§ Work required: Set down each entry below exactly as written, keeping the pictures out.

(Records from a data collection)
⁂

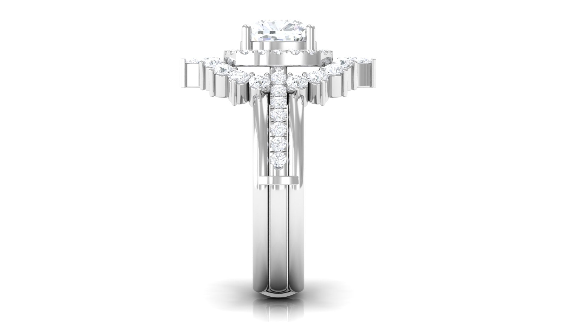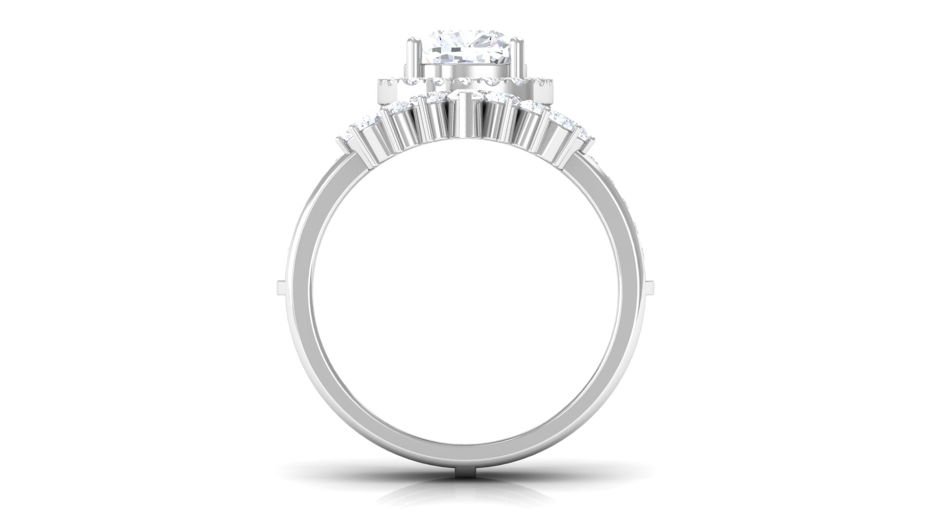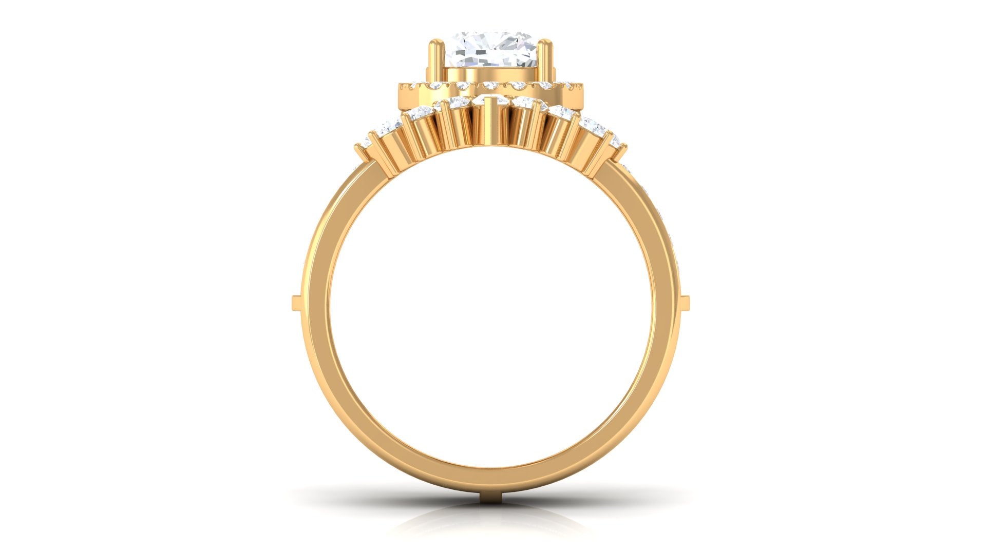 Leave a lasting impression with the exquisite Cubic Zirconia Engagement Ring with Enhancer, a stunning jewelry piece crafted from premium solid gold metal. The centerpiece of this ring features a dazzling cushion cut Zircon stone, expertly set in a secure prong setting and surrounded by a shimmering halo of round Zircon stones. The accompanying Ring Guard Enhancer adds a touch of glamour with its elegant combination of round and pear-shaped Zircon stones. Make a stylish statement of love with this Zircon Wedding Ring Set.
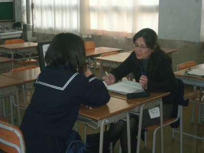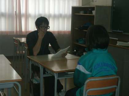 1,2年生は担任の先生と二者懇談。45分授業が5限まであり、清掃・終礼、その後、懇談となります。
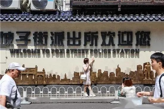 长沙坡子街派出所成“五一”新晋网红打卡地,许多游客在路过时,都会以此为背景,打卡拍照。
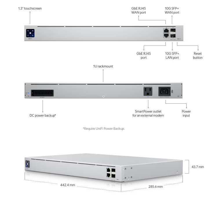 10G multi-WAN independent gateway with UniFi Power Backup support designed to protect large-scale networks.
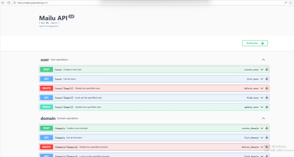 Mailu 已启用 API,且 API=true、WEB_API=/api,Swagger 可从 /api/v1/swagger.json 读取。
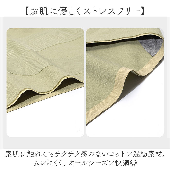 ・素肌に触れてもチクチク感のないコットン混紡素材。ムレにくく、オールシーズン快適◎
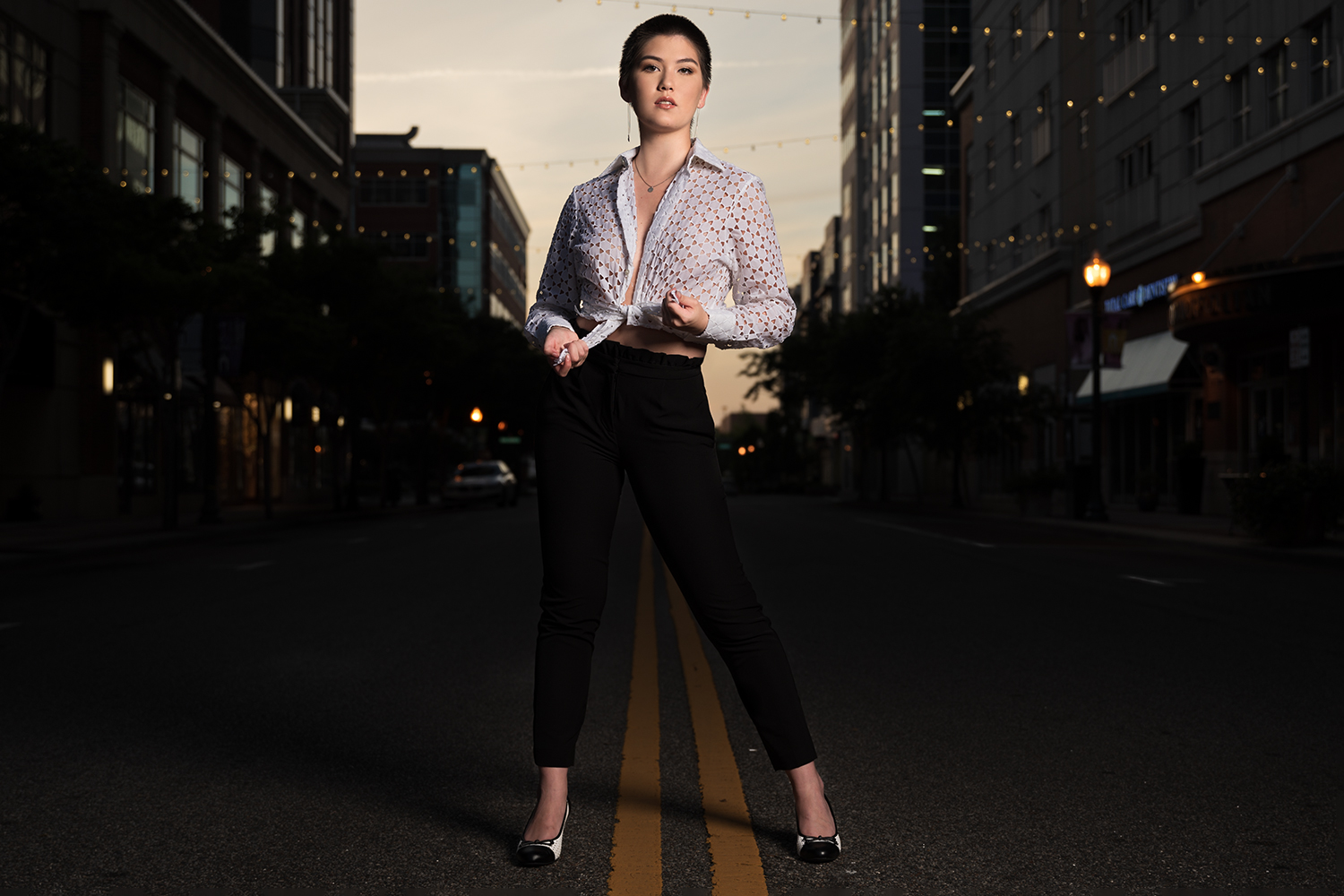 It was magical. Music was provided via cellphone and we were playing in the street. My desire for a colorful sunrise was realized. Easton was her usual fun, stunning self. We moved as a cohesive unit, Easton Colleen, and I, as we captured amazing shot after amazing shot. We started with higher end fashion at Town Center and then transition to the gritter, dirtier back alleys of Norfolk to change things up. We put in over four hours of shooting when it was all done.
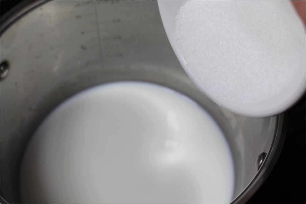 Elkészítem a csokoládés krémet. A cukrot a tejbe öntöm és felforralom.
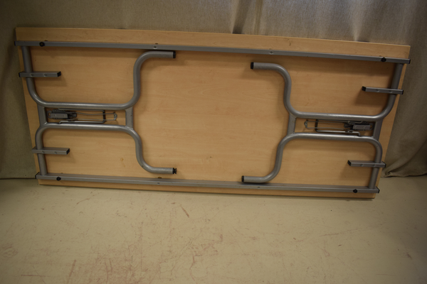 Brod med träskiva och infällbara metallben. D80, B180, H72,5
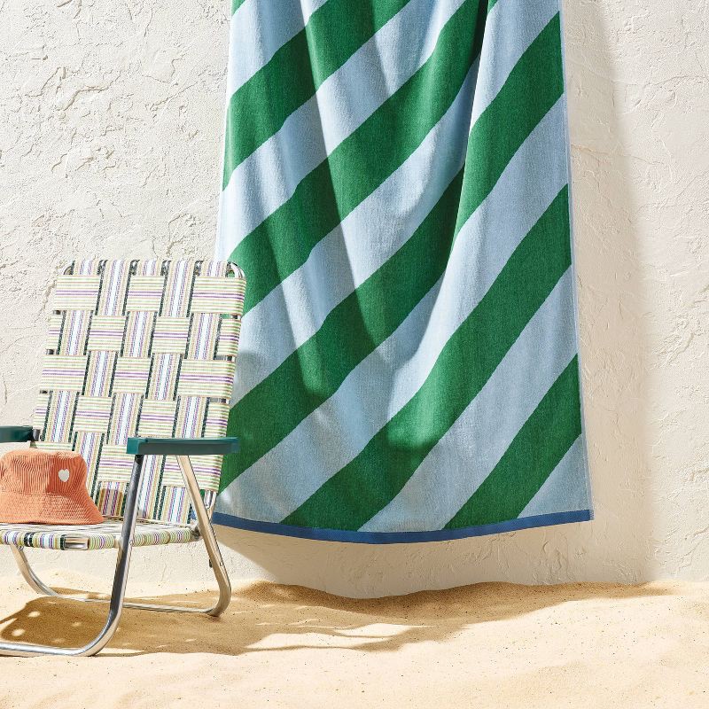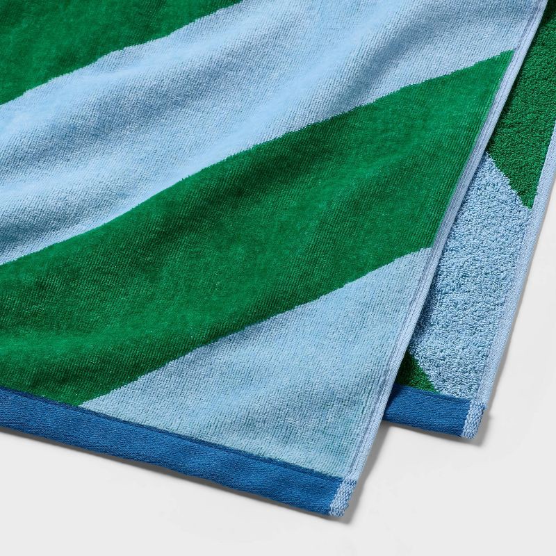 36"x72" Reversible Diagonal Striped Oversized Beach Towel Blue/Green - Room Essentials™
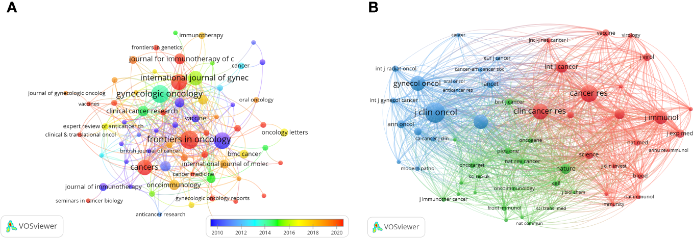 The visualization of journals (A) and co-cited journals (B) on research of immunotherapy in cervical carcinoma.
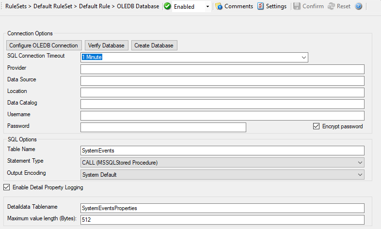 This action serves the same main use cases as ODBC Database Options, but it connects through OLEDB instead of an ODBC System DSN. It can write to the built-in Adiscon default schema or to a user-defined schema. Provider availability depends on your Windows environment and the database vendor’s current OLEDB support.

⁂

§ Written answer:
 Leave a lasting impression with the exquisite Cubic Zirconia Engagement Ring with Enhancer, a stunning jewelry piece crafted from premium solid gold metal. The centerpiece of this ring features a dazzling cushion cut Zircon stone, expertly set in a secure prong setting and surrounded by a shimmering halo of round Zircon stones. The accompanying Ring Guard Enhancer adds a touch of glamour with its elegant combination of round and pear-shaped Zircon stones. Make a stylish statement of love with this Zircon Wedding Ring Set.
 1,2年生は担任の先生と二者懇談。45分授業が5限まであり、清掃・終礼、その後、懇談となります。
 长沙坡子街派出所成“五一”新晋网红打卡地,许多游客在路过时,都会以此为背景,打卡拍照。
 10G multi-WAN independent gateway with UniFi Power Backup support designed to protect large-scale networks.
 Mailu 已启用 API,且 API=true、WEB_API=/api,Swagger 可从 /api/v1/swagger.json 读取。
 ・素肌に触れてもチクチク感のないコットン混紡素材。ムレにくく、オールシーズン快適◎
 It was magical. Music was provided via cellphone and we were playing in the street. My desire for a colorful sunrise was realized. Easton was her usual fun, stunning self. We moved as a cohesive unit, Easton Colleen, and I, as we captured amazing shot after amazing shot. We started with higher end fashion at Town Center and then transition to the gritter, dirtier back alleys of Norfolk to change things up. We put in over four hours of shooting when it was all done.
 Elkészítem a csokoládés krémet. A cukrot a tejbe öntöm és felforralom.
 Brod med träskiva och infällbara metallben. D80, B180, H72,5
 36"x72" Reversible Diagonal Striped Oversized Beach Towel Blue/Green - Room Essentials™
 The visualization of journals (A) and co-cited journals (B) on research of immunotherapy in cervical carcinoma.
 This action serves the same main use cases as ODBC Database Options, but it connects through OLEDB instead of an ODBC System DSN. It can write to the built-in Adiscon default schema or to a user-defined schema. Provider availability depends on your Windows environment and the database vendor’s current OLEDB support.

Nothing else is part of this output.